Bungie's Marathon Patch 1.0.0.4 Nerfs Enemies, Tweaks Economy and Scopes
Bungie's first major Marathon patch nerfs UESC enemies to ease solo play, but Destiny expert Paul Tassi called it "an instant reaction to 'game is too hard' complaints."

Bungie's first substantial post-launch patch for Marathon landed in early March, and the studio used version 1.0.0.4 to touch nearly every layer of the extraction shooter: enemy difficulty, item spawns, sponsored kit loadouts, thermal scopes, and a round of bug fixes, all rolling out simultaneously across PC, PlayStation 5, and Xbox Series X|S.
The headline change is a nerf to UESC enemies, the AI combatants that have made solo runs particularly punishing since launch. According to Bungie, the adjustment was made to help preserve ammunition and meds for players in solo and crew matches. The studio was careful to add that it still wants enemies in Marathon to feel tough, signaling the nerf is a calibration rather than a wholesale softening of the game's challenge.

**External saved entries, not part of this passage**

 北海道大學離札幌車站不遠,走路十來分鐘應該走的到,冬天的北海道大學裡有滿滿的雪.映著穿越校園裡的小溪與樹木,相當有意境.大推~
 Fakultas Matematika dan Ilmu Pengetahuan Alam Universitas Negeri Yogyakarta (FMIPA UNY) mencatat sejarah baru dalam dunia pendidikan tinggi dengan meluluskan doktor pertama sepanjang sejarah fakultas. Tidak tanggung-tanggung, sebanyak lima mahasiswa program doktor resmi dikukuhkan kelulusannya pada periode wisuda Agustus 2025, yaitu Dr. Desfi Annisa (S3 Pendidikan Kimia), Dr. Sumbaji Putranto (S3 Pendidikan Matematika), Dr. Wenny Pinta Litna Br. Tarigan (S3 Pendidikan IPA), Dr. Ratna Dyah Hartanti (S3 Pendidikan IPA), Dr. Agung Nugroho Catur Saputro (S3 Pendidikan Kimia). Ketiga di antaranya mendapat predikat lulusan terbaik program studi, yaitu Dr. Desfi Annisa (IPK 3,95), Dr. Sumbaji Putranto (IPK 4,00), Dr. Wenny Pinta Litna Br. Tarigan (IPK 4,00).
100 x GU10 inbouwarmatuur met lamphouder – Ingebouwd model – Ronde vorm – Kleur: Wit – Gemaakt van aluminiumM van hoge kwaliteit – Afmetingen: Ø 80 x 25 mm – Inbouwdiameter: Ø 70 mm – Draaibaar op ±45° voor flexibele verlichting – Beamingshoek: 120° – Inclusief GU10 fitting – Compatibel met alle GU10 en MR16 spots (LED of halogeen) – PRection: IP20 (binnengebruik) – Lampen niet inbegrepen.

On the economy side, Med Cabinets and Munitions Crates now spawn at a higher rate on the Perimeter map, giving runners more opportunities to resupply mid-raid. Sponsored kits are also arriving with more starting ammo, a change that compounds the Perimeter spawn boost for players leaning on those loadouts. The patch additionally includes thermal scope changes and new contracts, though Bungie has not yet detailed the specifics of either beyond their inclusion in the notes. A batch of bug fixes and broader balance adjustments round out 1.0.0.4.

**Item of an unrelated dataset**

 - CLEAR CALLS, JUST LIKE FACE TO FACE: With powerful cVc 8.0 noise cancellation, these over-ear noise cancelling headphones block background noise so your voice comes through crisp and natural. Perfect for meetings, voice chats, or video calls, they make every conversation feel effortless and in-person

The UESC nerf in particular landed with a thud in some corners of the community. Destiny expert and Forbes writer Paul Tassi posted on X: "Was not expecting blanket UESC nerfs. Feels like an instant reaction to 'game is too hard' complaints. Don't love that honestly." Tassi noted he could understand the logic for solo players, but his skepticism reflected a concern shared by a segment of hardcore extraction shooter fans who worry difficulty rollbacks cheapen the genre's stakes.

Others pushed back on that read. One X user responded directly to the debate: "I will say that many of my friends have been complaining that solo gameplay was feeling too difficult and that it was going to deter them from playing much. This may get the solo community to stick around, which is very important."
That tension sits at the center of what Marathon is trying to figure out. Extraction shooters live and die by retention, and a solo playerbase that bounces after a few brutal runs is a harder problem to solve than a veteran community annoyed by a single enemy tuning pass.